# maximale Einträge in HSQLDB



## Guest (26. Nov 2007)

Hallo,
mich interessiert mal ob es eine Begrenzung in der Anzahl von Datensätzen gibt, ich möchte in eine DB ~2400Einträge haben, aber nach 2326 Einträgen hört er auf ohne irgendeinen Fehler auszugeben.
Wißt ihr was über Beschränkungen von HSQLDB


----------



## HoaX (26. Nov 2007)

ich hatte schon weit mehr als 10000 datensätze in einer hsqldb. wie schaut denn dein code aus?


----------



## stevieboy (26. Nov 2007)

Meine Datenbank hatte schon ca. 250.000 Einträge. Es liegt also definitiv nicht an HSQLDB,wenn es "plötzlich aufhört".

Mit den entsprechenden Codeschnipseln finden wir vielleicht einen Fehler.


----------



## The_S (27. Nov 2007)

HSQL kommt auch problemlos mit mehreren Millionen Einträgen klar.


----------



## stevieboy (27. Nov 2007)

Hobbit_Im_Blutrausch hat gesagt.:
			
		

> HSQL kommt auch problemlos mit mehreren Millionen Einträgen klar.

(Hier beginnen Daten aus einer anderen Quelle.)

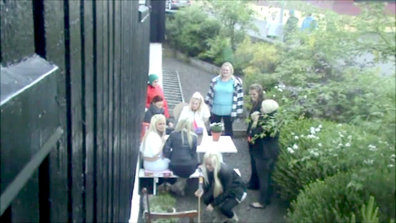 Several women sit at a picnic table for a back yard bachelorette party. One young woman lights a large bottle rocket firework. It flies into the air, bounces off the edge of the roof, falls back down to the ground, and explodes, sending sparks everywhere. The women run away just before it explodes. Subtitle text over the footage.
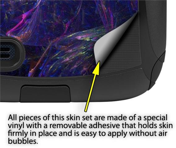 uSkins™ are self adhering vinyl decal style skins and are a great way to add a new look to your protective case. uSkins are a composite of two layers of commercial grade materials. The bottom layer is a soft, flexible vinyl with a special removable adhesive that is easily positioned, applied without air bubbles. Next we print the bottom layer with UV protected, fade resistant inks that deliver superb photo quality designs in vibrant colors. Finally we bond a professional grade laminate over the entire skin adding a glossy protective finish.
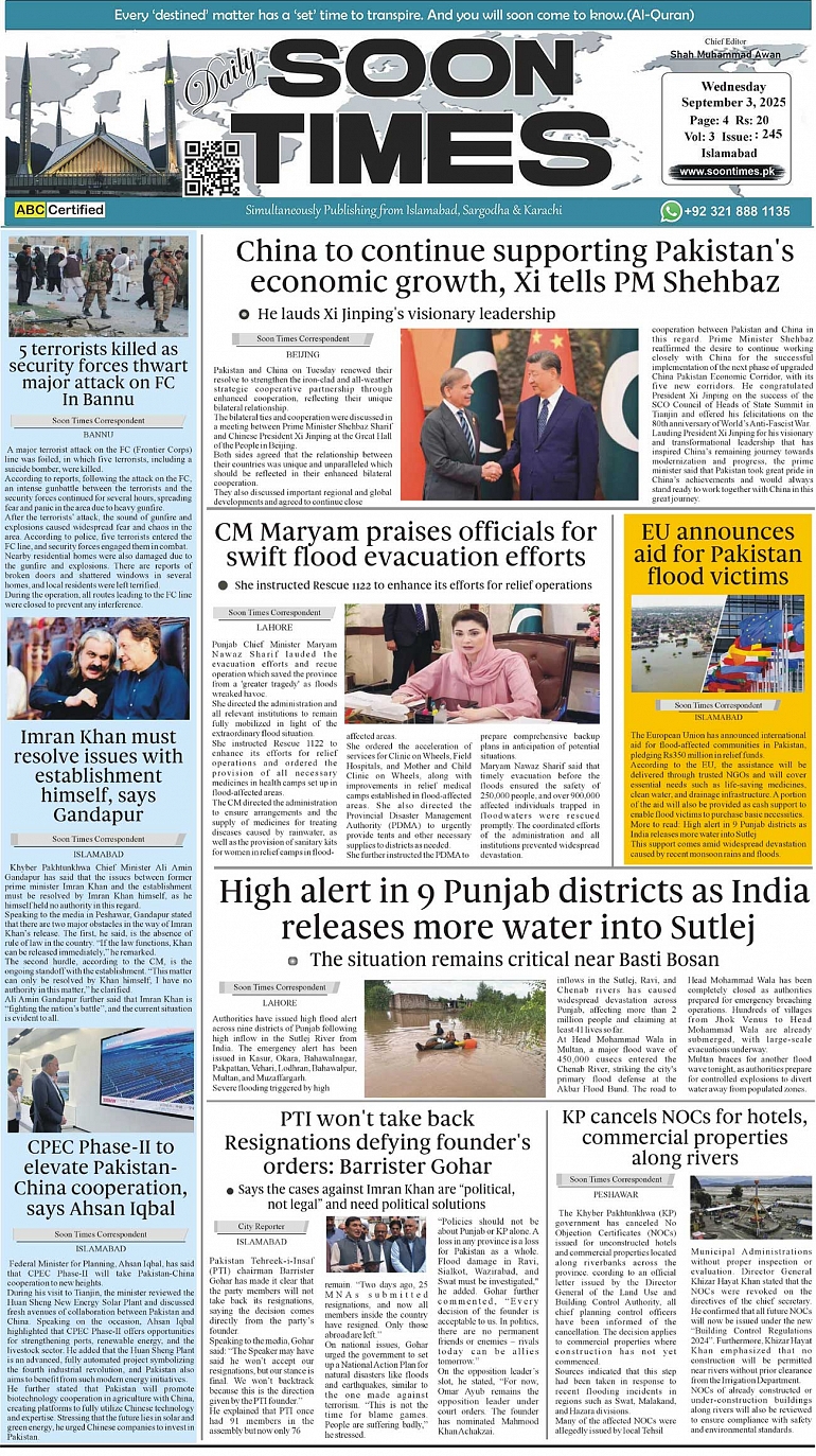Daily Soon Times September 03, 2025 Daily Soon Times today's ePaper leading English national newspaper from Islamabad, Sargodha, Karachi, Pakistan << First << 1 >> Last >> Page 1Page 2Page 3Page 4 × Daily Soon Times 1.234 1.234 1.

Deiner ist länger als meiner?  :bae:


----------



## The_S (27. Nov 2007)

du hasts erfasst


----------



## Guest (27. Nov 2007)

Danke Jungs.
Ich hab man selber ne kleine Überprüfung durchgeführt und siehe da die anderen sind doch da, bloß komsicherweise stehen sie nicht im .script File.


----------



## The_S (28. Nov 2007)

Hast du die DB sauber runtergefahren?


----------